S-100 is a calcium-binding protein that is predominantly found in astrocytes of the central nervous system. In the present study, we investigated the temporal and spatial changes of S-100β immunoreactivity after a stereotaxic mechanical lesion of the adult rat corpus callosum performed with an adjustable wire knife. Rats were killed 7, 14 and 28 days after surgery. S-100β immunoreactivity was found within the cytoplasm and processes of quiescent putative astrocytes that were observed throughout the gray and white matters of the forebrain of sham-operated rats. Following callosotomy, the S-100β immunoreactive profiles showed increased size and thick processes, as well as increased amount of S-100β immunoreactivity. Unbiased stereologic analysis revealed a sustained and widespread increase of the Areal Fraction of S-100β immunoreactive profiles in the medial and lateral regions of the white matter of callosotomized rats at the studied time-intervals. In the cerebral cortex of callosotomized rats, the estimated total number of S-100β immunoreactive profiles was also increased 7 and 14 days after the lesion. Since the cellular and temporal changes in S-100β immunoreactivity were closely similar to those described for basic fibroblast growth factor (bFGF) following brain lesions, we co-localized the S-100β and bFGF immunoreactivities after callosotomy. bFGF immunoreactivity was found in the nuclei of S-100β immunoreactive glial profiles throughout the forebrain regions of the sham-operated rats. bFGF immunoreactivity was increased in the nuclei of reactive S-100β immunoreactive putative astrocytes in the forebrain white matter and in the cerebral cortex of callosotomized rats. These results indicate that after transection of the corpus callosum of adult rats, the reactive astrocytes may exert paracrine trophic actions through S-100β and bFGF. Interactions between S-100β and bFGF may be relevant to the events related to neuronal maintenance and repair following brain injury.

Introduction

S-100 is a calcium-binding protein found in the central nervous system (CNS). S-100b (S-100β) and S-100a (S-100α) have been isolated from many CNS regions which have subunit composition ββ and αβ, respectively. In the CNS, the fraction S-100β is predominantly found in glial cells of the CNS. The presence of S-100β immunoreactivity has been detected by immunohistochemistry in subpopulations of oligodendrocytes 39, 62 and in a few specific neuronal cells 29, 35, 54, 73. However, astrocytes are the main S-100β-stained cells in the adult mammalian brain 16, 47. S-100β immunoreactivity is seen predominantly in the cytoplasm and processes of astrocytes 16, 42, 62, 76.
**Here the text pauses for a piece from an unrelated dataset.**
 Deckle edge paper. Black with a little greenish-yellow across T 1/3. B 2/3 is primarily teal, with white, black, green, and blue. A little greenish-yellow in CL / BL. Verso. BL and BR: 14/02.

CNS lesions trigger a glial activation which includes morphological and functional alterations 4, 25, 30, 40, 52. It has been postulated that the glial responses to the lesion are related to restoration of homeostasis in the nervous tissue 25, 39. Proliferation and hypertrophy of astrocytes are seen close to the wound 60, 61. Once activated, the astrocyte synthesizes and releases substances which promote wound repair as well as protection of the nervous tissue from further neuronal degeneration 10, 18, 53. Furthermore, increased levels of S-100β and neurotrophic factors have been detected in astrocytes following CNS lesions 26, 33, 67, 72, 75.
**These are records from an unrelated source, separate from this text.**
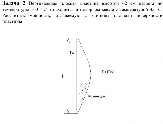 Вертикальная плоская пластина высотой 42 см нагрета до температуры 100 o С и находится в моторном масле с температурой 45 oС. Рассчитать мощность, отдаваемую с единицы площади поверхности пластины
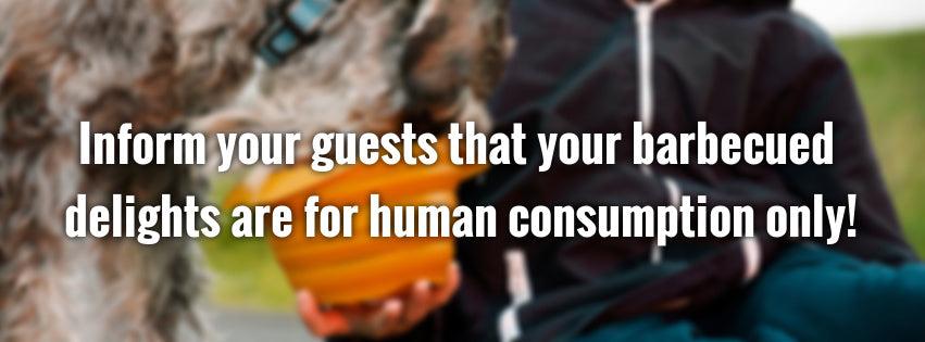 Inform your guests that your barbecued delights are for human consumption only! Greasy human food can cause vomiting, diarrhea, and abdominal pain from pancreatitis or gastroenteritis. Corn cobs, bones and pitted fruits can block the GI tract, leading to obstruction and ending with surgery. Also, avoid toxic foods like onions, garlic, grapes and raisins. You can put out a bowl of dog friendly snacks if you are worried that Uncle Joe will have trouble refraining from sharing.
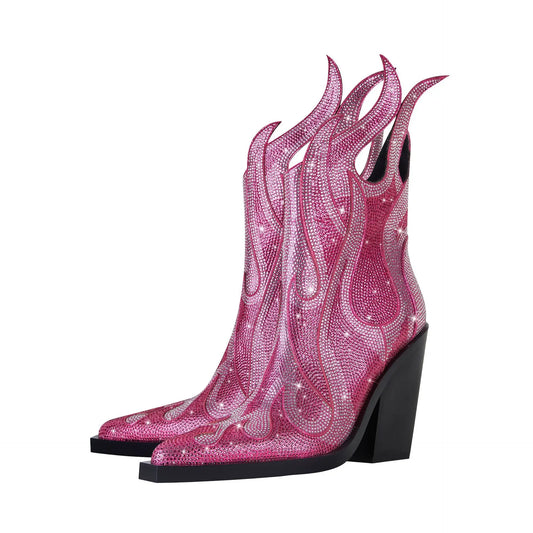 PDEP rhinestone flame square head boots women shoes thick heeled cowboy boots for women
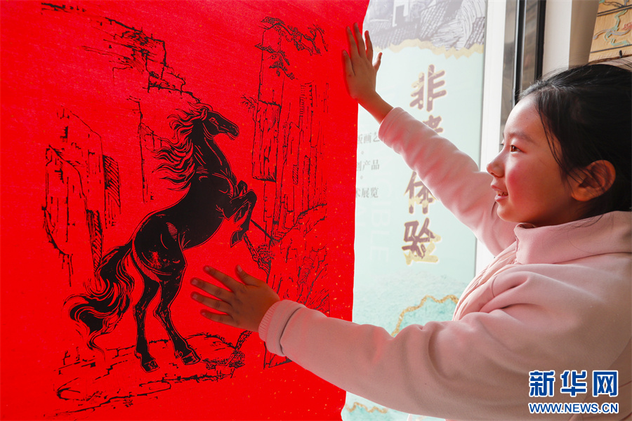 1月6日,在安徽省黄山市屯溪区河街,孩子在张贴版画《骐骥驰骋》。
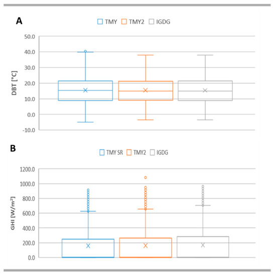 The box-plots of Figure 4A for TMY2 and IGDG are comparable, with the same maximum and minimum values, respectively, 38 °C and −3.5 °C, and an almost coincident average value. This is very significant considering the strong differences in the methodologies. The values relating to the first and third quartiles are instead comparable for all three distributions and, on average, equal to 21.4 °C and 8.9 °C, respectively. Regarding the horizontal global radiation (Figure 4B), the distribution of IGDG is the one characterized by the highest values. The average value of IGDG is equal to 168.2 W/m2 while those relating to TMY2 and TMY are equal to 162.1 W/m2 and 158.6 W/m2, respectively. Instead, the maximum value observed with IGDG, without considering the aberrant values, is equal to 705 W/m2 while these are 655 W/m2 and 626 W/m2, respectively, for TMY2 and TMY. Therefore, the box-plots on GHI also show greater comparability between the distributions of TMY2 and IGDG. It seems that TMY is built with one or more typical summer months with lower solar radiation levels.

The actions of S-100β also include the stimulation of neuronal survival and neurite outgrowth 6, 26, indicating the possible trophic properties of the molecule 5, 26.

Basic fibroblast growth factor (bFGF) is a neurotrophic factor that belongs to the class of heparin-binding growth factors. The actions of bFGF on neurons from several CNS regions have been described. Furthermore, bFGF is able to promote gliogenesis and angiogenesis, actions that indicate its role also in wound repair following a lesion of the CNS 3, 17, 24. Previous reports have extensively described the increased synthesis of bFGF in reactive astrocytes following a brain trauma 18, 22.
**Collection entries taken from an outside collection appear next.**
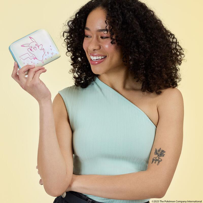 Lleva tu pasión por Pokémon a todas partes con este adorable monedero de Pikachu, que combina estilo y funcionalidad en un solo accesorio. Fabricado en cuero vegano iridiscente (poliuretano), el monedero presenta a Pikachu bordado en el centro, rodeado de símbolos grabados en relieve de corazones, Poké Balls y dulces, que aportan un toque divertido y lleno de detalles. En su interior encontrarás cuatro ranuras para tarjetas y un espacio transparente para tu identificación, perfecto para organizar tus esenciales de manera práctica.
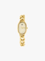 Relógio analógico feminino dourado com mostrador oval e pulseira de elos.Envíos
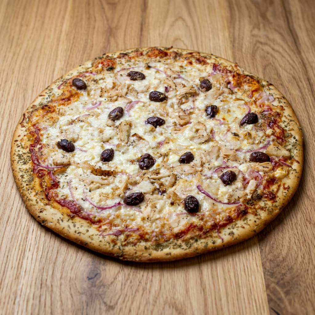 Red onions, feta, minced garlic, kalamata olives, and roasted chicken. Feeds 2-3
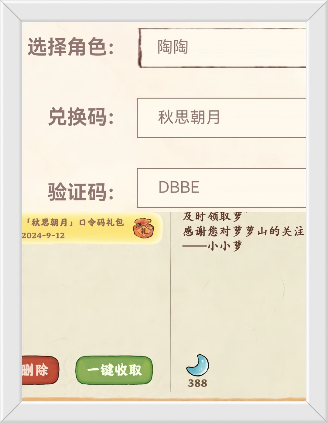 1:兑换码:秋思朝月 2:兑换物品:铜钱*588 + 玥琅*388 + 精致鱼饵*2 #桃源深处有人家 #游戏种草计划
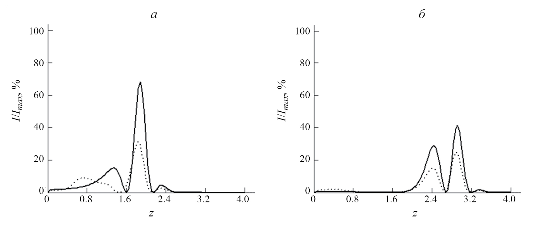 Рис. 3. Продольные срезы интенсивности электрического поля 3D импульса, проходящие через максимум импульса, от координаты z: t = 2.5 (а), 3.5 (б). Сплошная кривая соответствует массиву УНТ без металлической проволоки, точечная — массив УНТ с неоднородностью.

In view of these observations, it is possible that astroglial S-100β and bFGF cooperate in the trophic mechanisms of the normal and lesioned CNS.

In the present study, we investigated the spatial and temporal changes in S-100β immunoreactivity by means of immunohistochemistry combined with stereology and also analysed the changes of bFGF immunoreactivity in S-100β immunoreactive cells after a stereotaxic transection of the corpus callosum of adult rats.